Гулечка взвизгнула, закричала, заелозила и, как могла, вытянулась вверх, запрокинув голову. Была ли то обида и ярость унижения, или все же в ней взяли верх истинные потребности природы? Она боролась как зверь, кувыркалась, как бумажный кораблик в водовороте. Одному Богу известно, что было у нее на душе, я видел только, что ее шея, низко пролегшая трубой над моим лицом, от крика дрожит и слегка раздувается. Дернувшись, взбрыкнув, она боком ударилась в дверь, и щеколда отлетела. Гулечка вырвалась из моих объятий и исчезла за дверью, а я, сам не знаю почему, остался на поле нашей брани, сел на бортик ванны и задумался, опустив голову. Я слышал голоса, шаги, смех, потом захлопнулась входная дверь и все смолкло. Гулечка ушла, бросив меня одного в чужой квартире. Мне оставалось гадать, не явится ли ее мать, чтобы выразить изумление моим присутствием. Впрочем, вряд ли она отобрала у меня шанс ретироваться прежде, чем вернется старуха. Я не под замком, не под стражей. Или она даже знала наверняка, скажем, что ее мать не появится. Подумать только, рассуждает сейчас Гулечка и нервничает, кусает от злости губы, до чего этот парень докатился, повалил меня на пол ванной, хотел взять силой, вздумал указывать, что мне следует делать, а что нет. О, проклятое, разнузданное животное, кричит Гулечка, вновь и вновь запрокидывает голову и потрясает кулаками в сторону неба, создавшего наглых, похотливых тварей. А если шире взглянуть, отношения между нами какие-то даже домашние, не выгнала же она меня на улицу, значит, не вконец разгневалась, и мне еще сужденно попользоваться ее добротой, к вечеру она остынет, вернется и приласкает меня, пощекочет мне брюшко. Я научился ценить каждое ее движение, ловить каждый ее жест. Но есть ли после случившегося во мне человек, как бы даже знаменитый живописец? И она, Гулечка, - где же ее благоговение, ее искание теплого местечка? Я перестал понимать. Почему она так одичало боролась со мной, дралась?
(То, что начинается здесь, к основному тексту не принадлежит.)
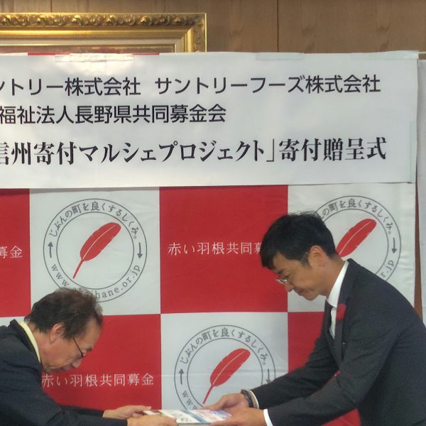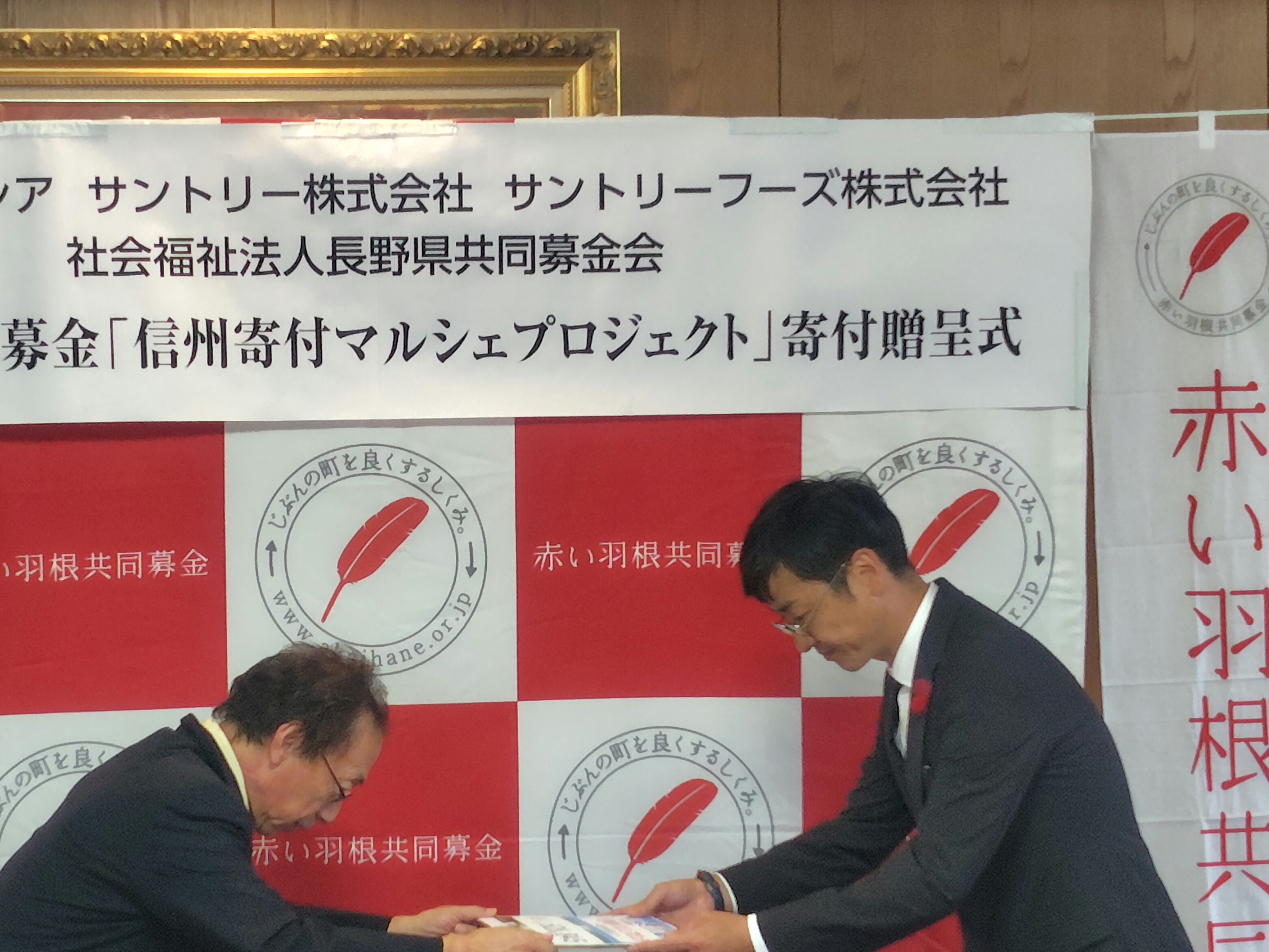 9月25日(木)長野県自治会館で、赤い羽根共同募金「信州寄付マルシェプロジェクト」の寄付贈呈式を行いました。

Если она раскусила мою игру, почему не прогоняет меня, продолжает возиться со мной? И на что рассчитывает, если не раскусила и для нее я по-прежнему окружен ореолом тайны?
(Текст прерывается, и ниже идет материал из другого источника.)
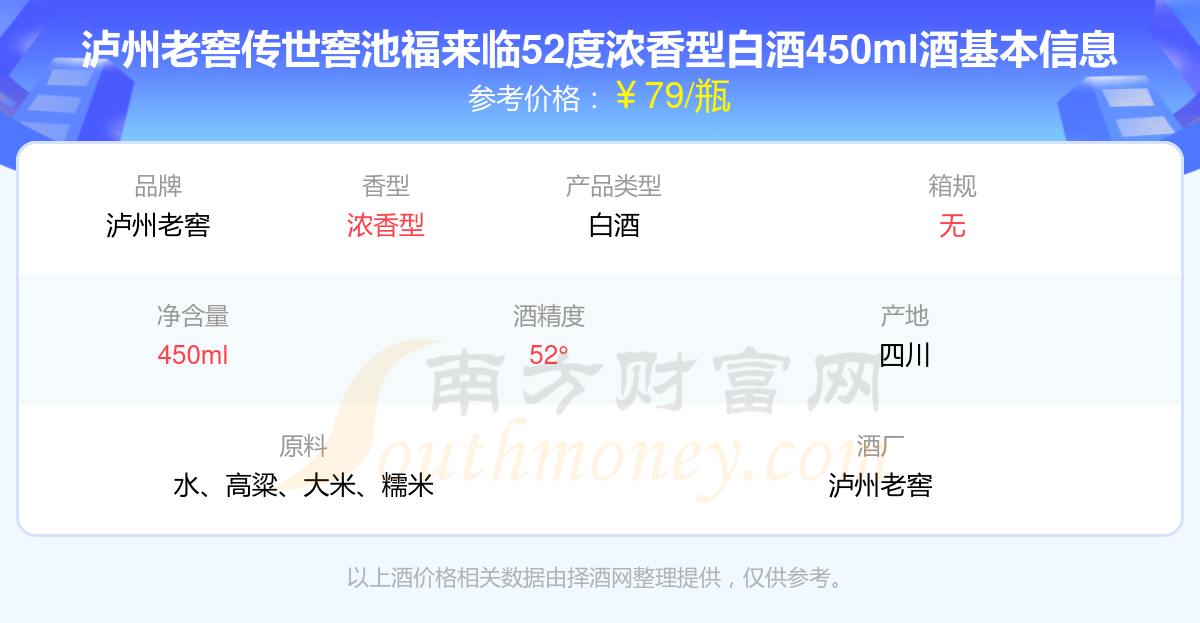 瀘州老窖傳世窖池福來臨52度濃香型白酒450ml基本信息

И вот я почувствовал, что ненависть шевелится в моей душе в ответ на любое предположение, любой вариант, т. е. раскусила она меня, нет ли, втайне благоговеет или презирает - все было мне одинаково досадно, в худшем смысле досадно. Но идти мне было некуда, я сидел на кухне и рассеянно смотрел в окно. Должна же ситуация как-либо разрешиться, стало быть, пусть разрешается сама собой. Я увидел на дне глубокой тарелки аппетитный на вид пирожок, понял, что он приготовлен ею, она вылепливала его своими пальчиками, выпекала; и это было трогательно, потому что она ушла, а пирожок остался как маленькое вещественное доказательство ее существования, ее заботы о ком-то, хотя бы всего лишь о собственном желудке. Я едва не взял пирожок на память, так он меня растрогал, а потом просто съел его, с теплотой думая о Гулечке, вспоминая ее. Сдается мне, более вкусного пирожка я не пробовал и никогда не попробую. Постепенно я почти что задремал. Время тянулось медленно, и мне сквозь дрему казалось, что на поезд мы уже опоздали. Вот в солнечных лучах Гулечка бежит по рельсам и, размахивая гигантским чемоданом, кричит удаляющимся вагонам: подождите, не уезжайте без нас; и Лора что-то тараторит. Лора возникла в кухне, будто с потолка свалилась.